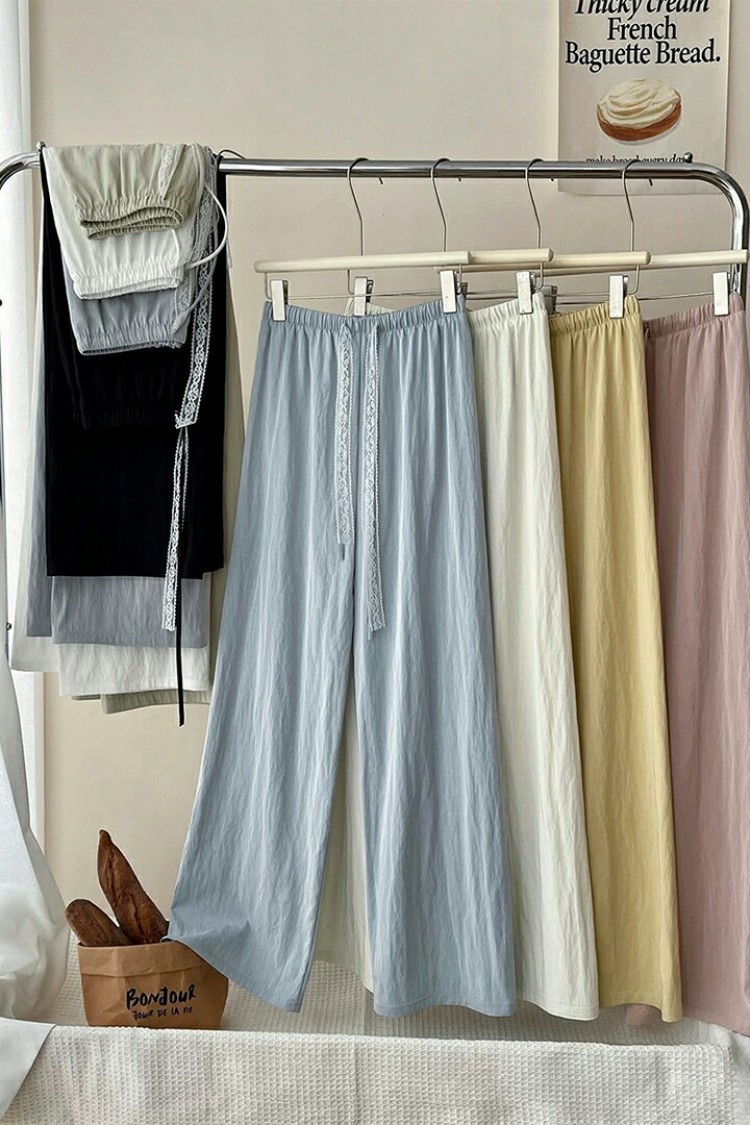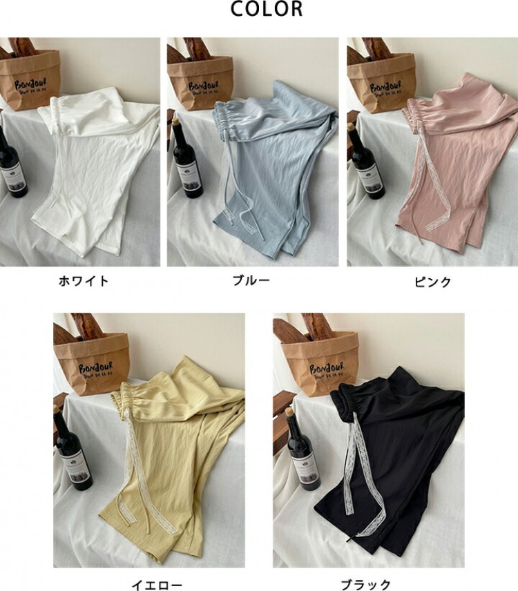 イージーパンツハイウエストパンツ レデ ホワイト ブルー ピンク イエロー ブラック
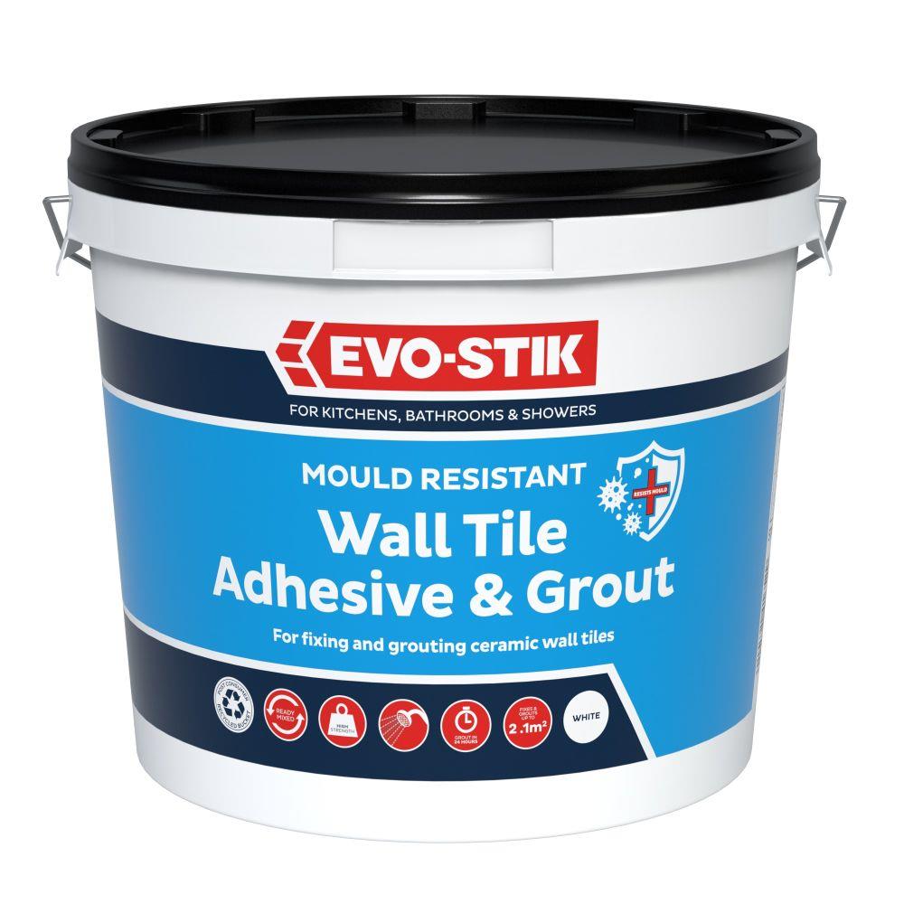 Evo-Stik WALL TILE ADHESIVE & GROUT MOULD RESISTANT White (D2TE) Standard is a combined wall tile adhesive and grout designed for fixing and finishing ceramic wall tiles in one convenient system.
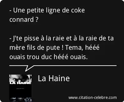 - Une petite ligne de coke connard ? - J'te pisse à la raie et à la raie de ta mère fils de pute ! Tema, hééé ouais trou duc hééé ouais.
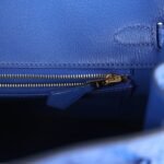 The interior is lined with Bleu Royal chevre and has one zip pocket with an Hermès engraved zipper pull and an open pocket on the opposite side.
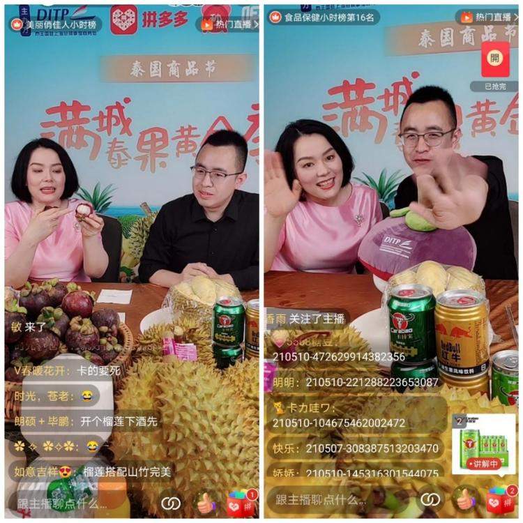 早在2019年9月,泰国进口水果首次登陆拼多多“秒杀万人团”,泰国进口的青皮金枕榴莲、原装进口茉莉香米当日上线即告售罄。去年6月,泰王国驻沪总领事馆商务处就初步尝试通过拼多多直播间,为广大网友推荐泰国进口水果以及本土美妆等产品。
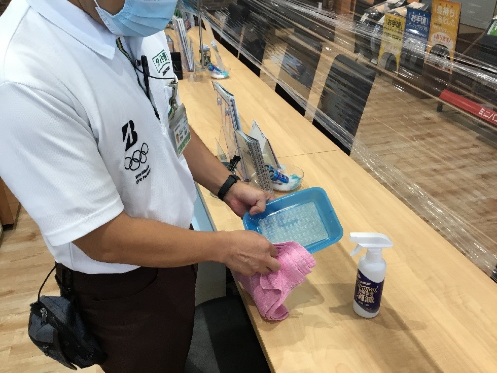 ↑ (金銭トレーの消毒、除菌 もちろんスタッフは手指の消毒をしたうえでの作業をしております。)
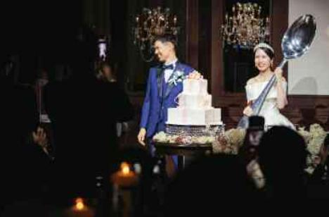 ウェディングケーキはプレゼントボックスのようなリボンのデザインにしました。理想のイメージを伝えると的確な提案をしてもらい、全体の装飾を控えめにすることで大きなリボンの装飾が目立つ素敵なケーキになりました。ファーストバイトでは120cmのビッグスプーンを使用。後ろの参列者の方からも見やすく、インパクトもあり、とても盛り上がったファーストバイトになりました。
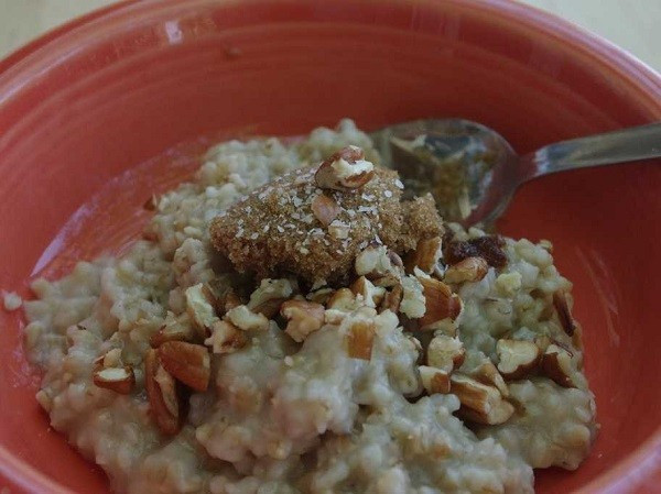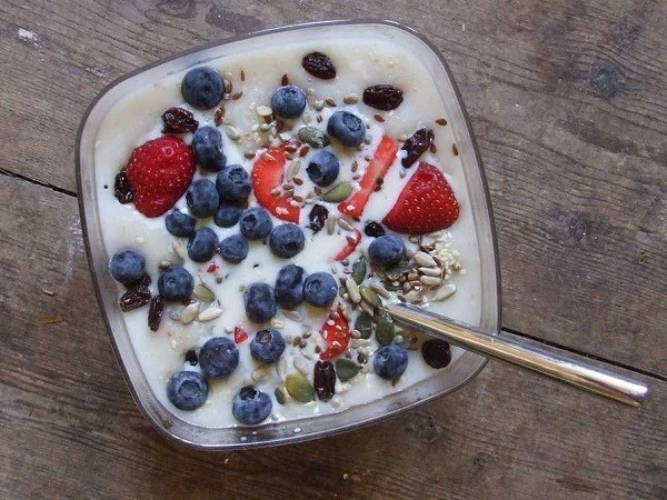 Thực đơn 7: Yến mạch chín trộn với sữa, trái cây, quả óc chó và một thìa sữa chua.
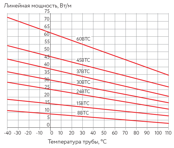 - Характеристики саморегулирования повышают безопасность и надежность кабеля. ВТС не будет перегреваться или перегорать, даже когда его отдельные участки накладываются друг на друга. Его тепловыделение саморегулируется в ответ на изменение температуры;
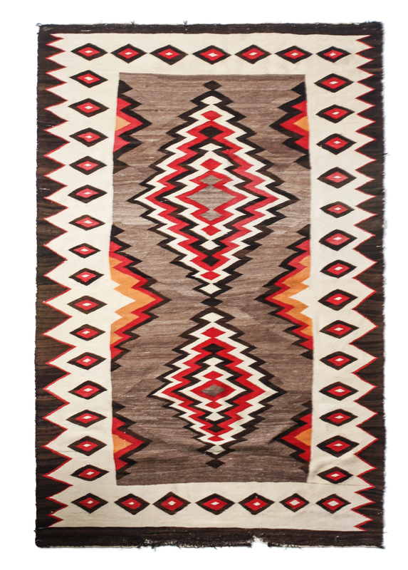 having two concentric serrate medallions with floating diamonds within a zig zag border.
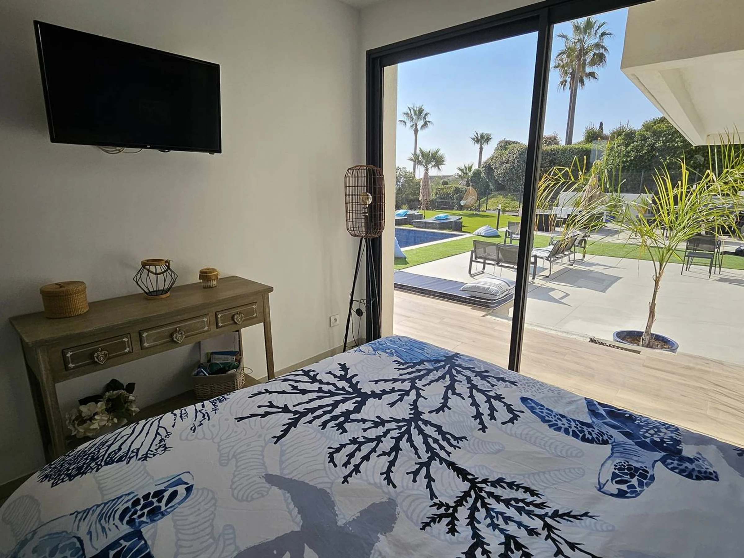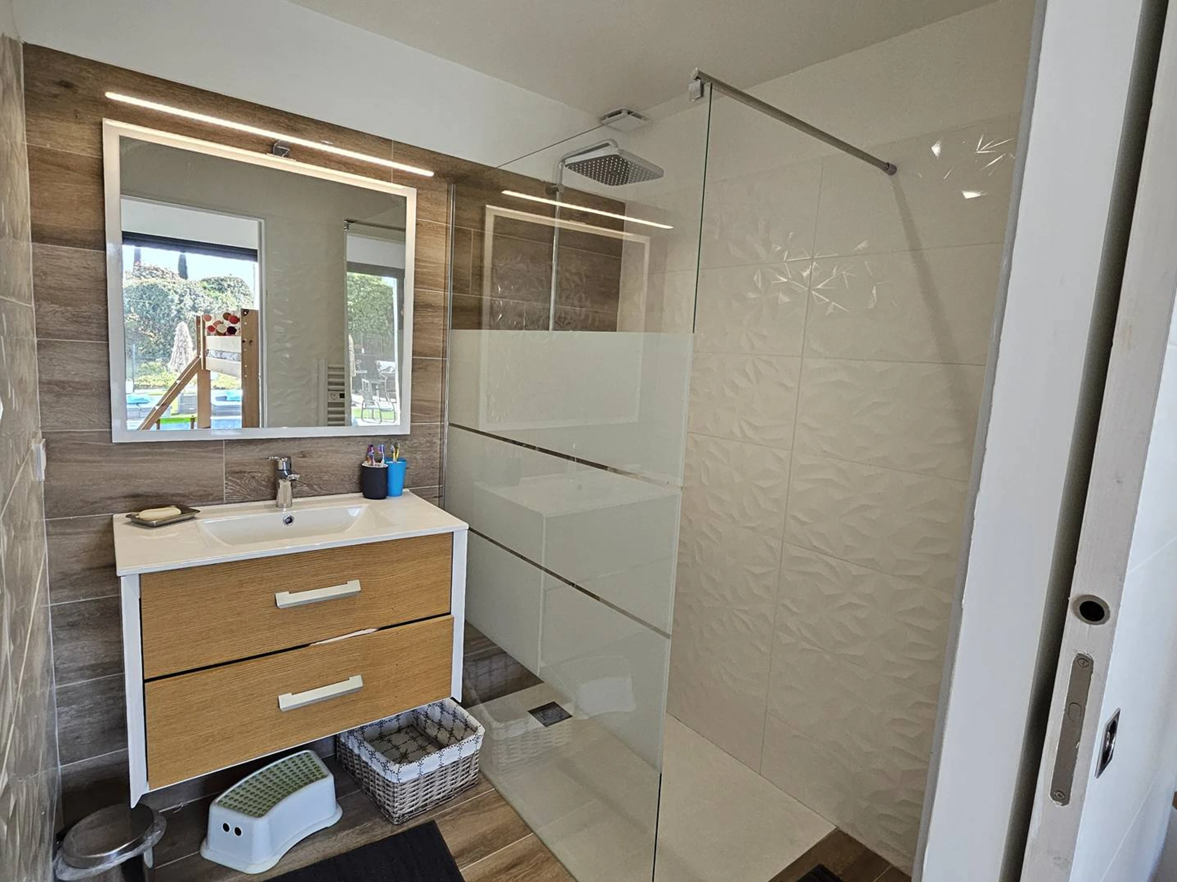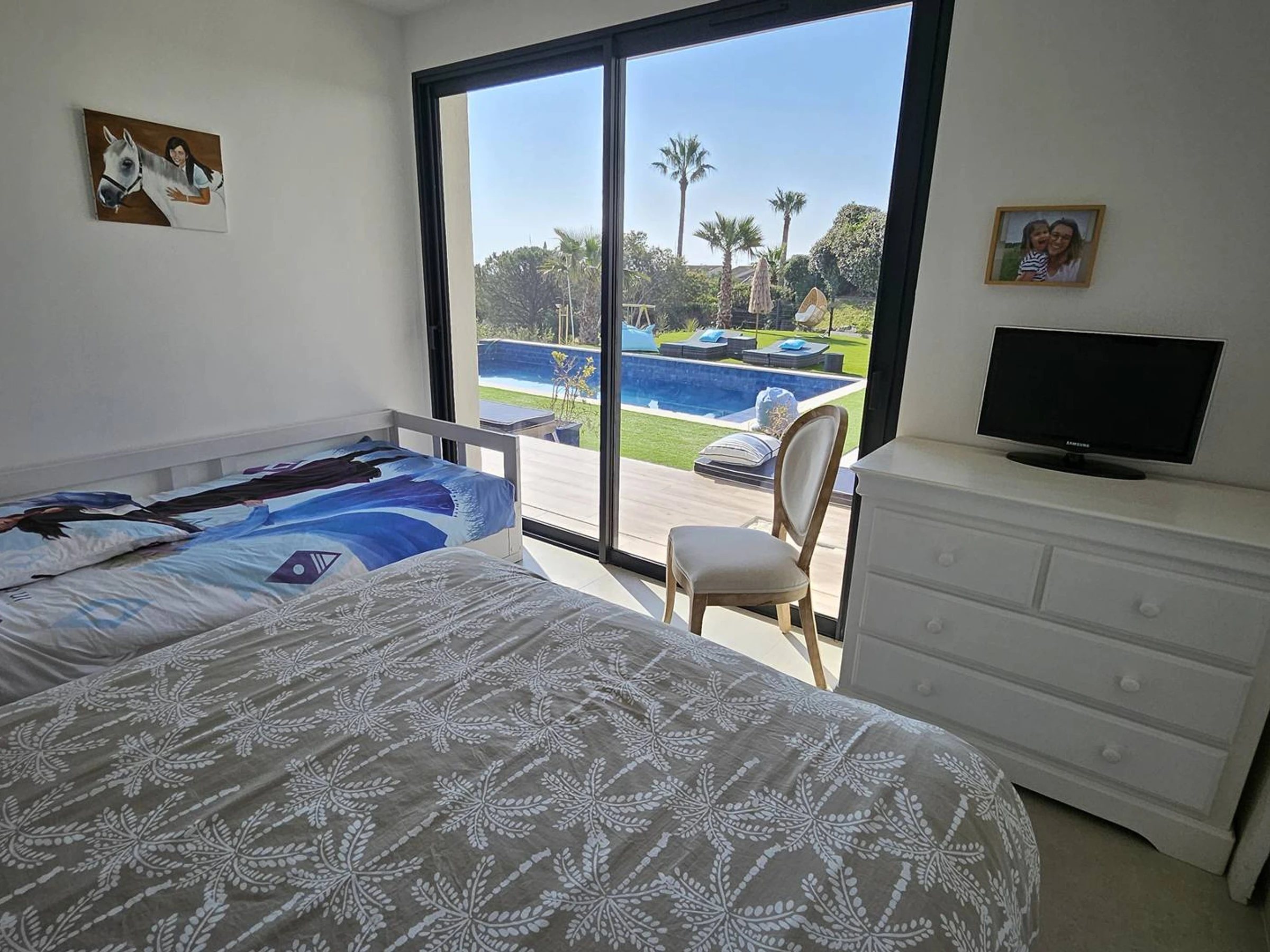 Apreciarás la elegancia combinada con muy buen gusto. En el nivel de la terraza, piscina, sala de estar, comedor con cocina abierta, lavadero Dormitorio 1 y 2 con cama de 160 cm, baño con ducha, dormitorio 3 con su baño con cama de 140 cm + cama infantil de 90 cm, dormitorio 4 llamado parental (cama de 160 cm) con su baño con ducha, vestidor y una discreta ducha en la terraza. Casa de piscina totalmente equipada con cocina, barbacoa de gas y plancha de gas.

_Task to complete_
Set the pictures aside and transcribe exactly the stretch of lines above, beginning with the one holding "Evo-Stik WALL TILE" and ending with the one holding "早在2019年9月,泰国进口".

_Task solution_
 Evo-Stik WALL TILE ADHESIVE & GROUT MOULD RESISTANT White (D2TE) Standard is a combined wall tile adhesive and grout designed for fixing and finishing ceramic wall tiles in one convenient system.
 - Une petite ligne de coke connard ? - J'te pisse à la raie et à la raie de ta mère fils de pute ! Tema, hééé ouais trou duc hééé ouais.
 The interior is lined with Bleu Royal chevre and has one zip pocket with an Hermès engraved zipper pull and an open pocket on the opposite side.
 早在2019年9月,泰国进口水果首次登陆拼多多“秒杀万人团”,泰国进口的青皮金枕榴莲、原装进口茉莉香米当日上线即告售罄。去年6月,泰王国驻沪总领事馆商务处就初步尝试通过拼多多直播间,为广大网友推荐泰国进口水果以及本土美妆等产品。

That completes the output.